Self-hosted brings the burden of having to maintain the system by the community / server team with limited resources these days. So we’d need some more people continuously helping the server team maintaining and improving self-hosted GitLab - but at least there is some knowledge there from Andri.

  1. Review Process

In ANY option (GitHub.com, GitLab.com, Self-Hosted GitLab) the discussion came up that we could also replace our review system Gerrit with PR/MR concepts. To be honest, I haven’t fully evaluated all consequence fully, so I don’t have a full grasp on the consequences yet. I know that certain changes will become more difficult to review, while I hope that overall contribution rate will increase. I - and I guess no one - cannot foresee this. One thing for sure is that with Gerrit switching the underlying Git Repository to talk to GitHub.com, GitLab.com or Self-Hosted GitLab instead of git.typo3.org is doable with little effort. So this leaves the biggest question mark for me, if we should actually move the reviewing system as well.

  1. Private repositories / Security-related issues

IF we are going to move to something else than git.typo3.org/Gerrit there will be benefits how security issues are handled. Both Helmut and Olly, involved in core security in the past, have mentioned that. GitHub.com comes with a price tag, the other options don’t.
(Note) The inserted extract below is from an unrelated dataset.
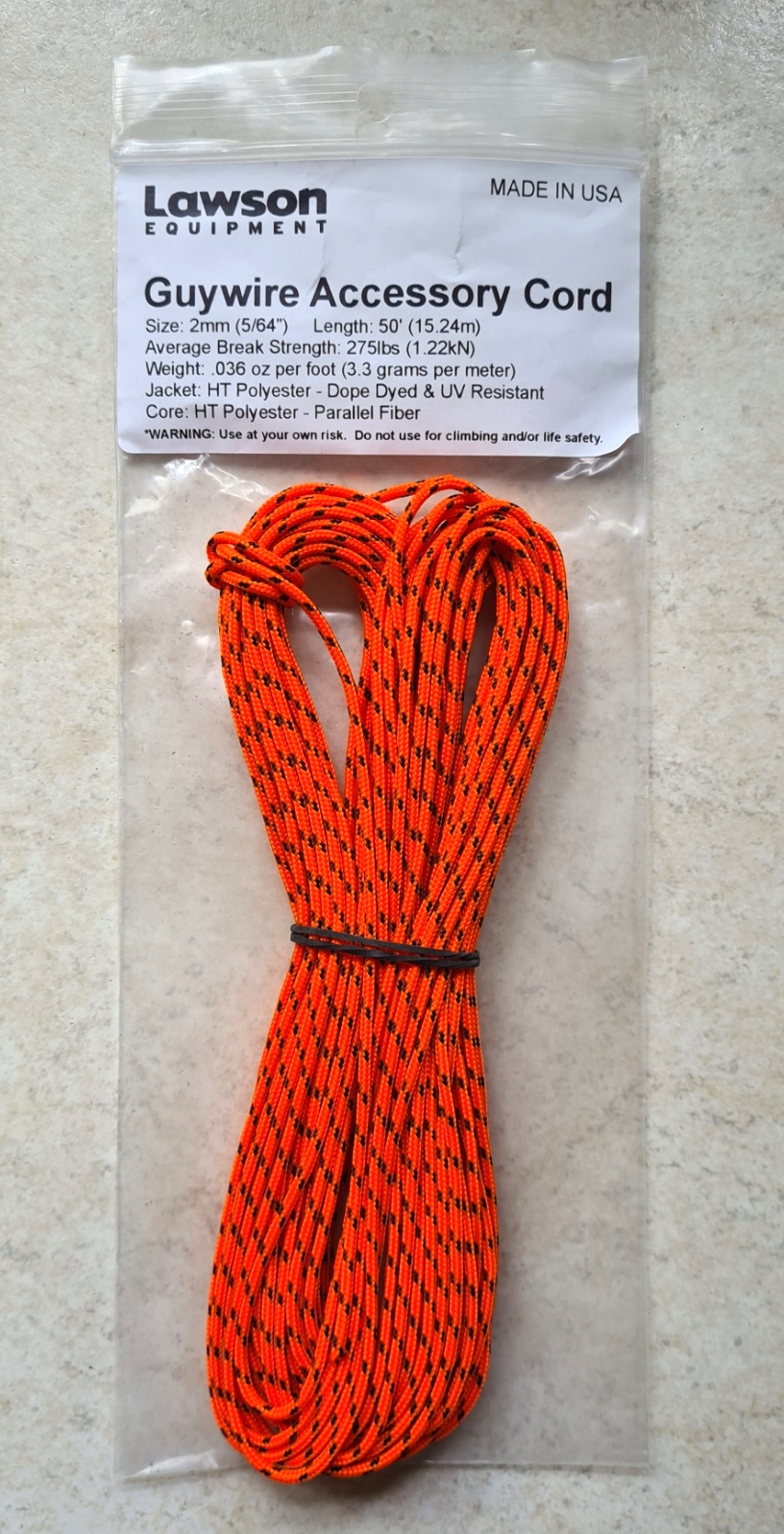 For my replacement loops on each peg and to keep the caps in place I used 2mm polyester Guywire Accessory Cord from US supplier Lawson Equipment. This is available in the UK and I purchased mine from Valley and Peak. This is a particularly strong low stretch product. I could have used the reflective Lawson Glowire instead but because I wildcamp I try and steer clear of reflective materials for discreetness, though I may be going over the top for just a couple of inches of cordage flat to the ground. However the Guywire is also (obviously) used for replacing or adding guys.

  1. Work load to do the actual change and maintenance

I do like the spirit of the discussion here, and it’s good to talk all options out. At the end, there needs to be a decision, and after that, there will be lots of work to be done. Regardless of which option to choose. This is not just done with a “one-time-migration-tool”, but lots of education, docs, refining various things, and that means - man-power from people willing to spend lots of their time to do the change, believing that TYPO3 will benefit from this change in the future years.
There are lots of opinions, but we also need people willing to spend quite a few days dealing with the actual migration, sorting out issues and solving problems, updating docs, setting up infrastructure or talking to GitLab/GitHub, and maintaining the new infrastructure for a decent amount of time. So, now that most of the issues have been addressed, a migration plan should be put into place, to find out how much time it will take to do the change (GitLab/GitHub/GitLab self-hosted) and who would be willing to lead such a working group.

My take - and sole motivation for this discussion - is actually that I truly believe switching to a more widely-known system will increase the visibility, contribution rate, adoption rate of TYPO3 - opening up doors to people that haven’t fallen in love with TYPO3 yet - that’s my mission.